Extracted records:
▼

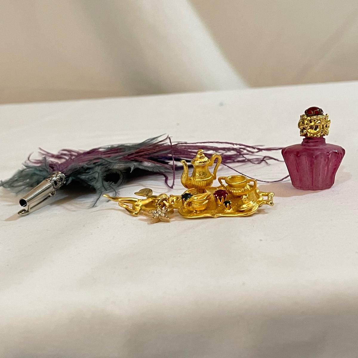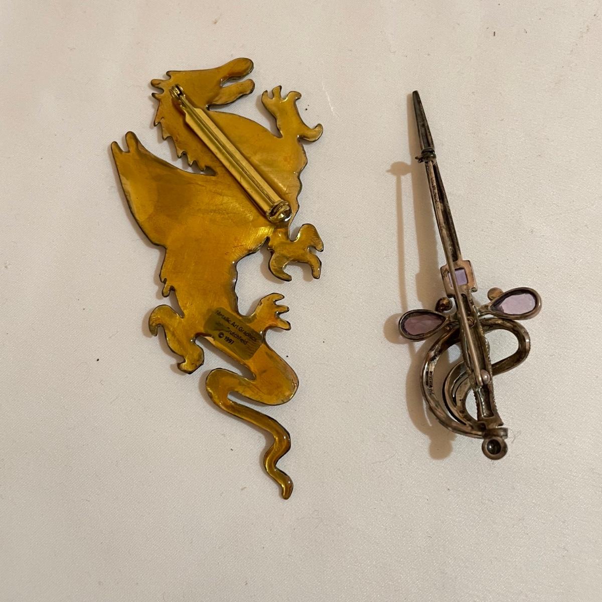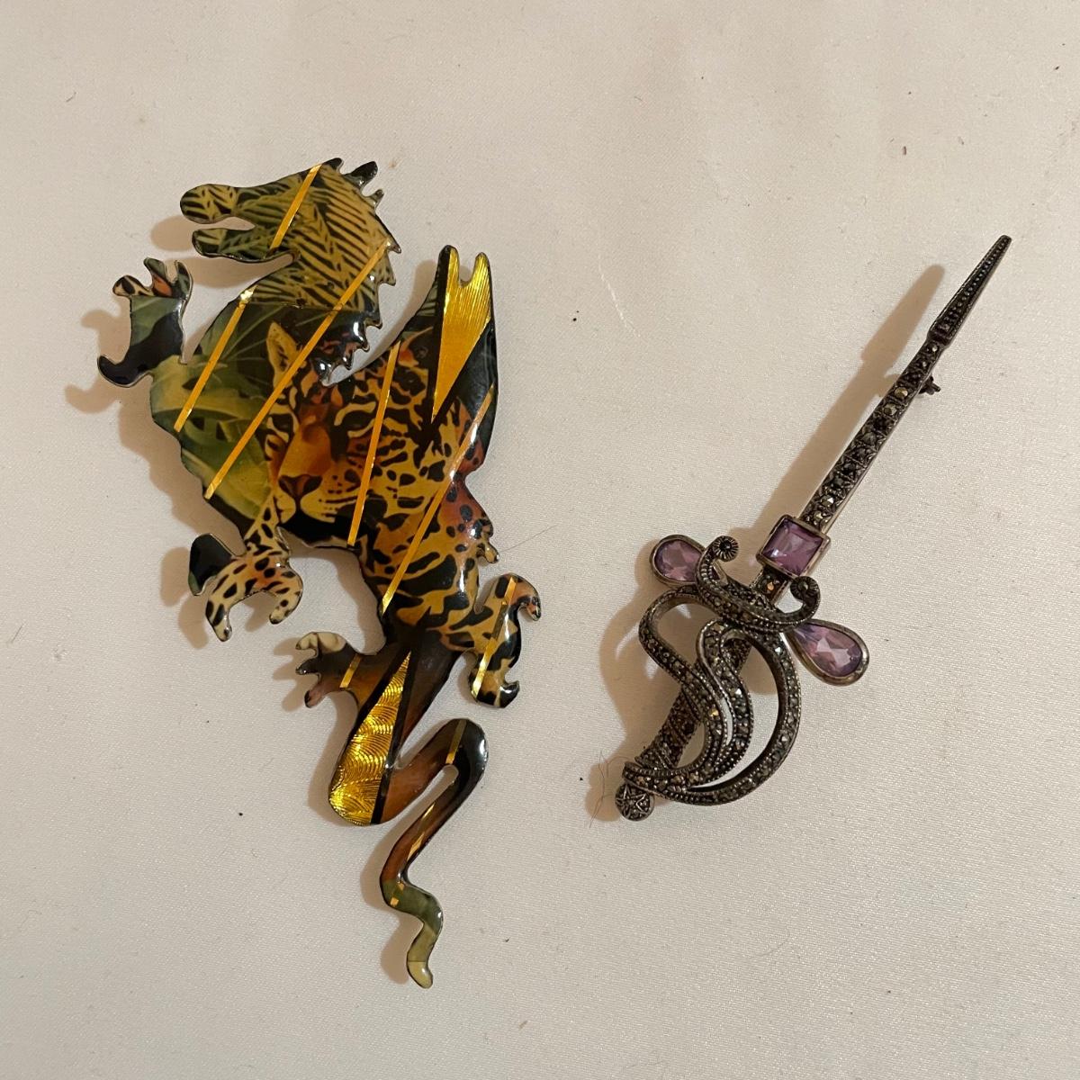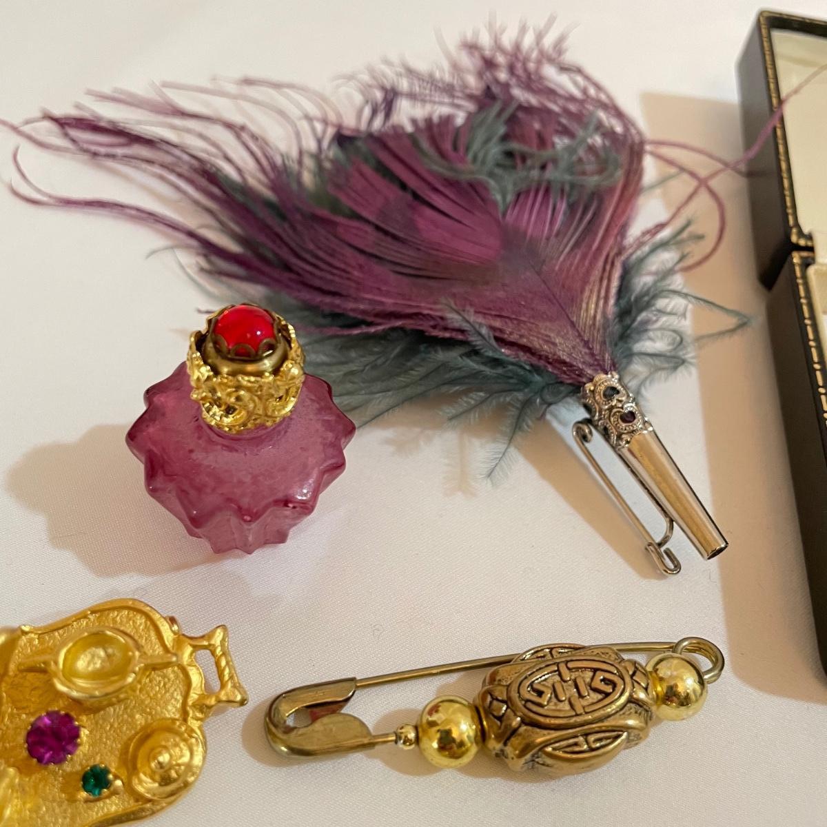 14 pins and brooches for a variety of occasions. A plum and teal peacock like brooch, a fairy serving tea, three pairs of stylish safety pins, sword with amethyst colored gems, a tropical clay fish, Ann Hand collection locket and more. See images. Shipping available. All sales are final. No returns or refunds. Please bid accordingly.
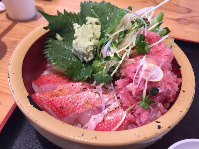 金目鯛とネギトロ丼とかわはぎの肝合え丼を注文。
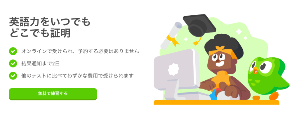 受験費用が安い、結果通知が早い、試験時間が短いという理由でDuolingo English Testはおすすめです。
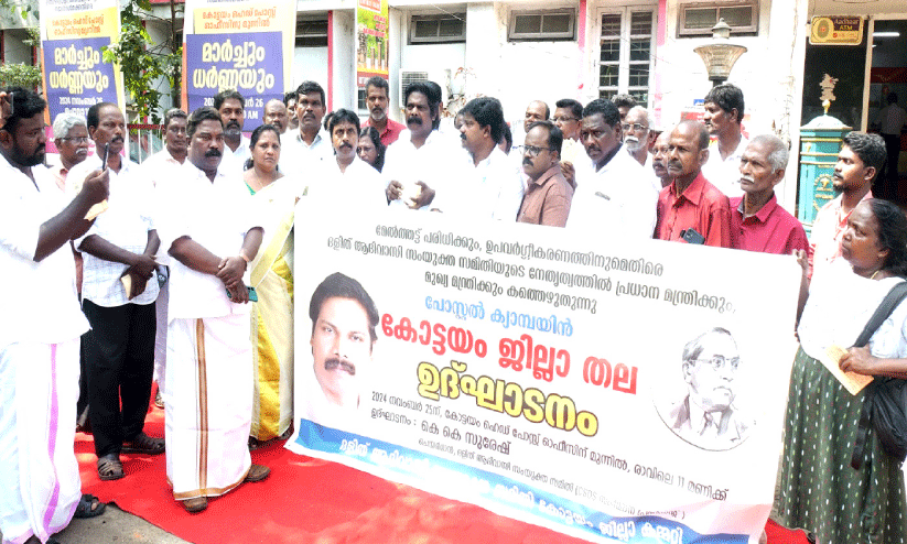 ഹെഡ് പോസ്റ്റ് ഓഫിസിന് മുന്നിൽ നടന്ന ജില്ലതല ഉദ്ഘാടനം ദലിത് ആദിവാസി സംയുക്ത സമിതി ചെയർമാനും സി.എസ്.ഡി.എസ് സംസ്ഥാന പ്രസിഡന്റുമായ കെ.കെ. സുരേഷ് ഉദ്ഘാടനം ചെയ്തു. സമിതി ജില്ല ചെയർമാൻ പ്രവീൺ വി.ജയിംസ് അധ്യക്ഷതവഹിച്ചു. കൺവീനർ മനോജ് കൊട്ടാരം, അഡ്വ.എ. സനീഷ് കുമാർ, അജയ് കോട്ടയം, ഇ.ജി. സജീവ്, വിനു ബേബി, ജയമോൻ പുത്തൻതോട്, അരുൺ സംക്രാന്തി, പ്രസാദ് കാളിച്ചിറ, പ്രവീൺ കെ. കുമാർ, ശ്രീജിനി സജീവ്, അജിത്ത് കല്ലറ, ആഷ്ലി ബാബു തുടങ്ങിയവർ സംസാരിച്ചു.
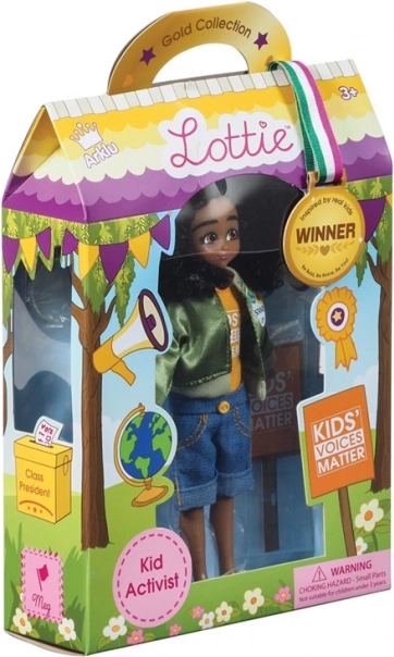 Découvrez la poupée Lottie Activiste Meg – inspirée par la véritable jeune activiste Mari Copeny. Elle encourage les enfants à faire entendre leur voix et à changer le monde pour le meilleur. La poupée possède un corps articulé, des cheveux premium soyeux, tient debout seule et est fabriquée en vinyle sans phtalates. L’emballage inclut des accessoires stylés, dont un mégaphone et une pancarte.
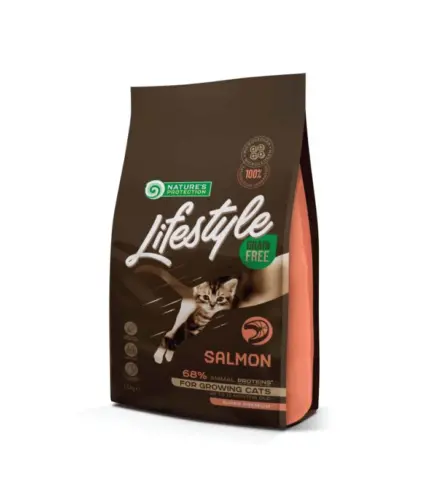 Nature’s Protection Lifestile bez žitarica sa lososom za mačiće je super premium, potpuna i izbalansirana suva hrana za mačke sa najkvalitetnijim izvorom proteina i sirovinama. Ova potpuna suva hrana za mačke je specijalno dizajnirana za mačiće kako bi im pomogla da prebrode težak period odbijanja u optimalnom stanju, obezbeđujući dobar početak života. Dopunjen je inovativnim sastojcima koji ne sadrže gluten i pružaju savršene performanse za dobrobit kućnog ljubimca. Kompletan sastav ove suve hrane za mačke nije pogodan samo za mačiće koji rastu, već i za trudne mačke i mačke koje doje, obezbeđujući potrebnu energiju za rast i održavanje zdravlja.
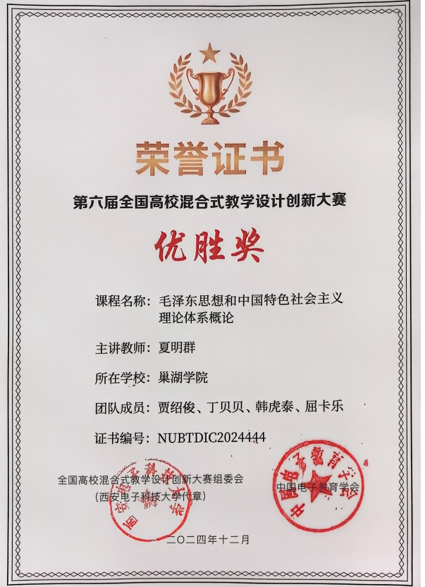 夏明群老师团队在第六届全国高校混合式教学设计创新大赛获优胜奖
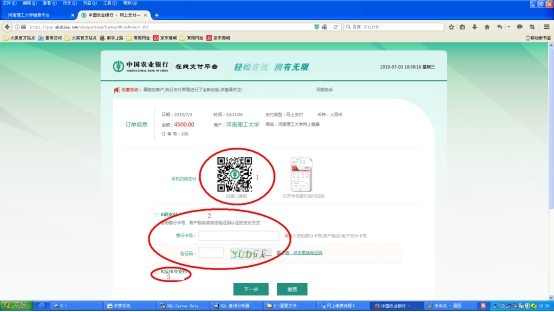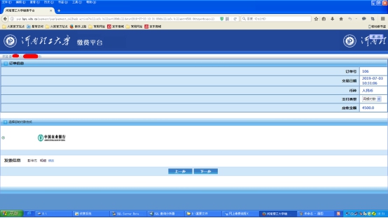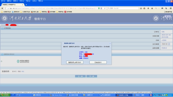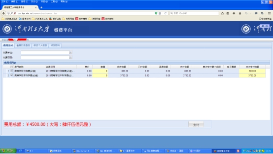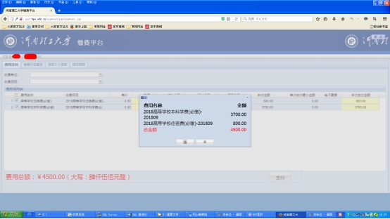 注:a、选择要缴费的费用项,点击“支付”按钮,进入下图(3)的界面。选择一项费用必须全额支付。
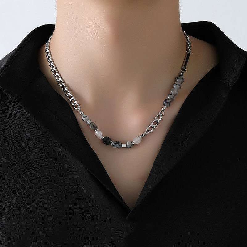 Natural Stone Black and White Crystal Splicing Titanium Steel Necklace Men's Niche Design High-end Stylish Rectangular Letter Necklace
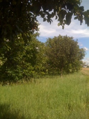 There are walnut trees with little fruit, pear trees with nearly no peas on them (just as in our back yard-it seems the weather was too cold for bees when they were in blossom and we forgot to hand-pollinate them...), and apple trees with plenty of small sour apples. It is a pity that no one takes care of those trees as they would need a good cut and also the fruit just fall down in fall and attract a lot of wasps... But it was a nice part of our walk and I thought I'd share a few pictures taken with my phone.
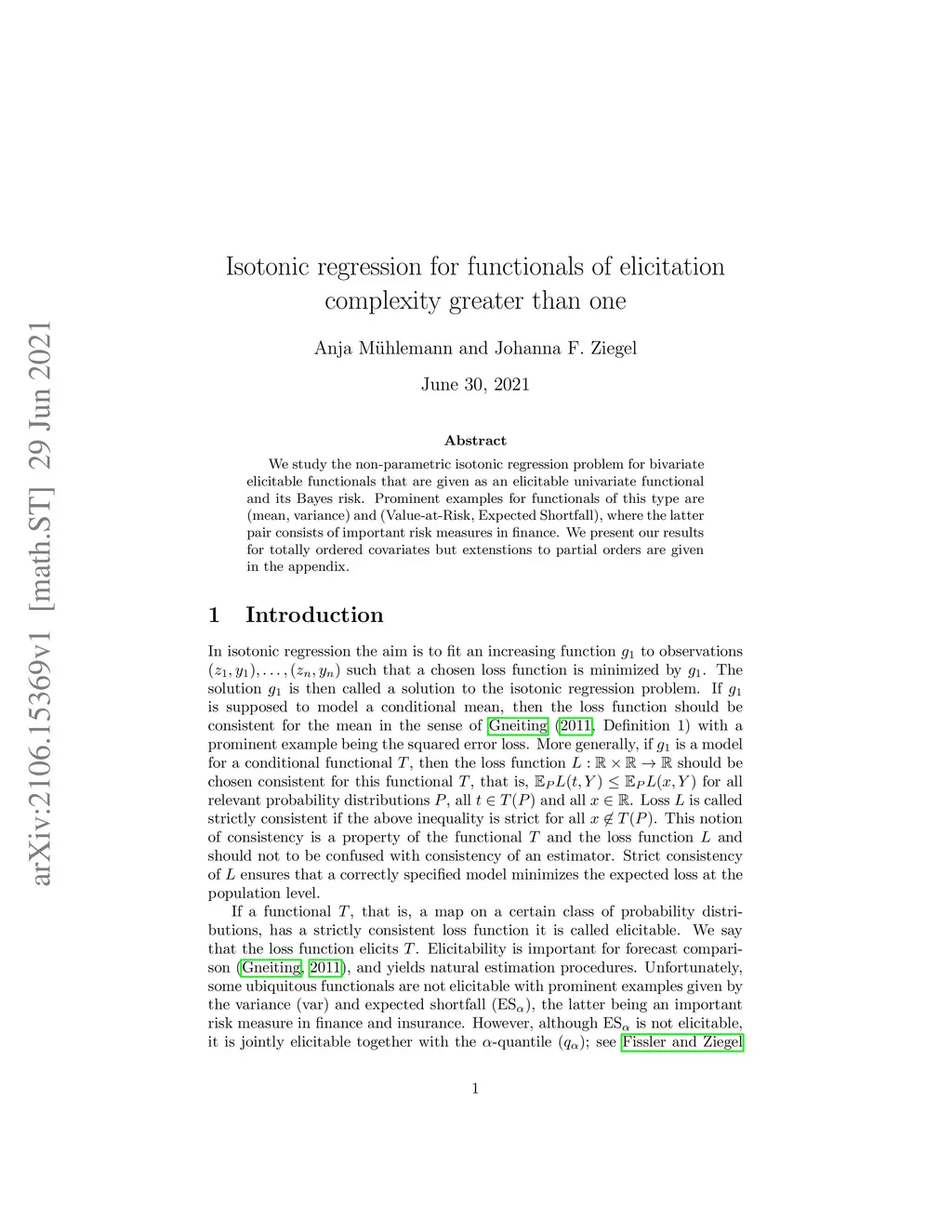 We study the non-parametric isotonic regression problem for bivariate elicitable functionals that are given as an elicitable univariate functional and its Bayes risk. Prominent examples for functionals of this type are (mean, variance) and (Value-at-Risk, Expected Shortfall), where the latter pair consists of important risk measures in finance. We present our results for totally ordered covariates but extenstions to partial orders are given in the appendix.
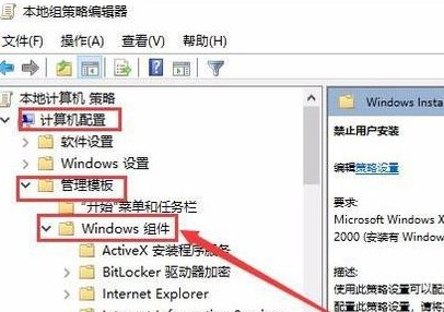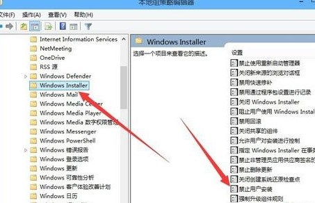 5、在打開的Windows組件菜單項中找到Windows Installer菜單項,在右側(cè)找到禁止用戶安裝一項;
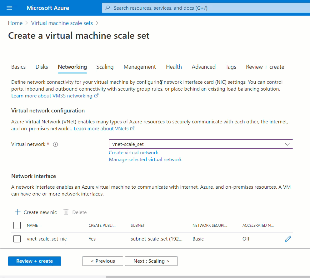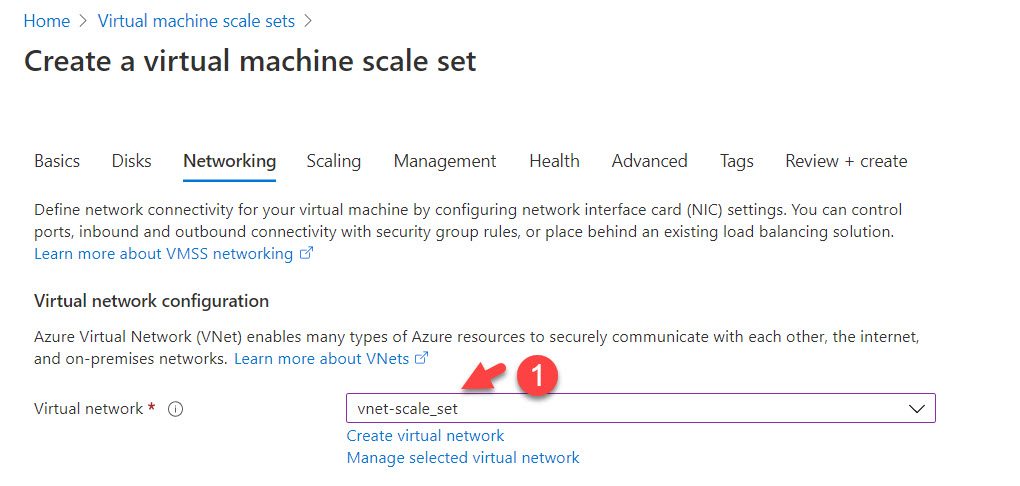 08 – Na tela Networking, vamos selecionar a virtual network que criamos anteriormente a vnet-scale_set.
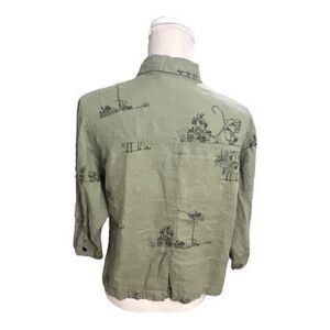 Chico's Sage Green Linen Monkey Print Button-Up Shirt Size 0 (4) Sude-Slit 3/4-Sleeve Collared Chest-Pocket

▲

Since the copy must exclude the pictures, transcribe only the text of the records, word for word.

Answer below:
 14 pins and brooches for a variety of occasions. A plum and teal peacock like brooch, a fairy serving tea, three pairs of stylish safety pins, sword with amethyst colored gems, a tropical clay fish, Ann Hand collection locket and more. See images. Shipping available. All sales are final. No returns or refunds. Please bid accordingly.
 金目鯛とネギトロ丼とかわはぎの肝合え丼を注文。
 受験費用が安い、結果通知が早い、試験時間が短いという理由でDuolingo English Testはおすすめです。
 ഹെഡ് പോസ്റ്റ് ഓഫിസിന് മുന്നിൽ നടന്ന ജില്ലതല ഉദ്ഘാടനം ദലിത് ആദിവാസി സംയുക്ത സമിതി ചെയർമാനും സി.എസ്.ഡി.എസ് സംസ്ഥാന പ്രസിഡന്റുമായ കെ.കെ. സുരേഷ് ഉദ്ഘാടനം ചെയ്തു. സമിതി ജില്ല ചെയർമാൻ പ്രവീൺ വി.ജയിംസ് അധ്യക്ഷതവഹിച്ചു. കൺവീനർ മനോജ് കൊട്ടാരം, അഡ്വ.എ. സനീഷ് കുമാർ, അജയ് കോട്ടയം, ഇ.ജി. സജീവ്, വിനു ബേബി, ജയമോൻ പുത്തൻതോട്, അരുൺ സംക്രാന്തി, പ്രസാദ് കാളിച്ചിറ, പ്രവീൺ കെ. കുമാർ, ശ്രീജിനി സജീവ്, അജിത്ത് കല്ലറ, ആഷ്ലി ബാബു തുടങ്ങിയവർ സംസാരിച്ചു.
 Découvrez la poupée Lottie Activiste Meg – inspirée par la véritable jeune activiste Mari Copeny. Elle encourage les enfants à faire entendre leur voix et à changer le monde pour le meilleur. La poupée possède un corps articulé, des cheveux premium soyeux, tient debout seule et est fabriquée en vinyle sans phtalates. L’emballage inclut des accessoires stylés, dont un mégaphone et une pancarte.
 Nature’s Protection Lifestile bez žitarica sa lososom za mačiće je super premium, potpuna i izbalansirana suva hrana za mačke sa najkvalitetnijim izvorom proteina i sirovinama. Ova potpuna suva hrana za mačke je specijalno dizajnirana za mačiće kako bi im pomogla da prebrode težak period odbijanja u optimalnom stanju, obezbeđujući dobar početak života. Dopunjen je inovativnim sastojcima koji ne sadrže gluten i pružaju savršene performanse za dobrobit kućnog ljubimca. Kompletan sastav ove suve hrane za mačke nije pogodan samo za mačiće koji rastu, već i za trudne mačke i mačke koje doje, obezbeđujući potrebnu energiju za rast i održavanje zdravlja.
 夏明群老师团队在第六届全国高校混合式教学设计创新大赛获优胜奖
 注:a、选择要缴费的费用项,点击“支付”按钮,进入下图(3)的界面。选择一项费用必须全额支付。
 Natural Stone Black and White Crystal Splicing Titanium Steel Necklace Men's Niche Design High-end Stylish Rectangular Letter Necklace
 There are walnut trees with little fruit, pear trees with nearly no peas on them (just as in our back yard-it seems the weather was too cold for bees when they were in blossom and we forgot to hand-pollinate them...), and apple trees with plenty of small sour apples. It is a pity that no one takes care of those trees as they would need a good cut and also the fruit just fall down in fall and attract a lot of wasps... But it was a nice part of our walk and I thought I'd share a few pictures taken with my phone.
 We study the non-parametric isotonic regression problem for bivariate elicitable functionals that are given as an elicitable univariate functional and its Bayes risk. Prominent examples for functionals of this type are (mean, variance) and (Value-at-Risk, Expected Shortfall), where the latter pair consists of important risk measures in finance. We present our results for totally ordered covariates but extenstions to partial orders are given in the appendix.
 5、在打開的Windows組件菜單項中找到Windows Installer菜單項,在右側(cè)找到禁止用戶安裝一項;
 08 – Na tela Networking, vamos selecionar a virtual network que criamos anteriormente a vnet-scale_set.
 Chico's Sage Green Linen Monkey Print Button-Up Shirt Size 0 (4) Sude-Slit 3/4-Sleeve Collared Chest-Pocket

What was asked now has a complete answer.